WHAT YOU WILL DO:
Word for word, copy out the data below, omitting pictures.

SUPPLIED MATERIAL:
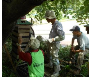
揺れを防ぐため補強板で固定
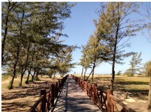
Acesso à praia de Grussaí.
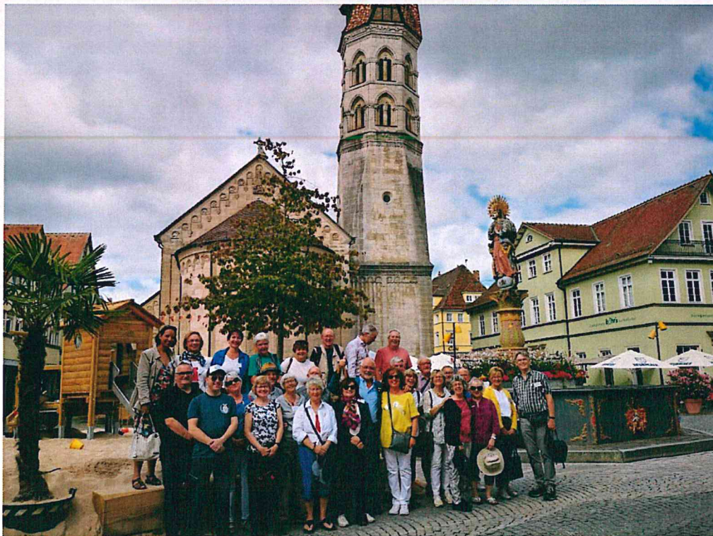
Vendéglátók és vendégeik a Marienbrunnen előtt

WRITTEN ANSWER:
揺れを防ぐため補強板で固定
Acesso à praia de Grussaí.
Vendéglátók és vendégeik a Marienbrunnen előtt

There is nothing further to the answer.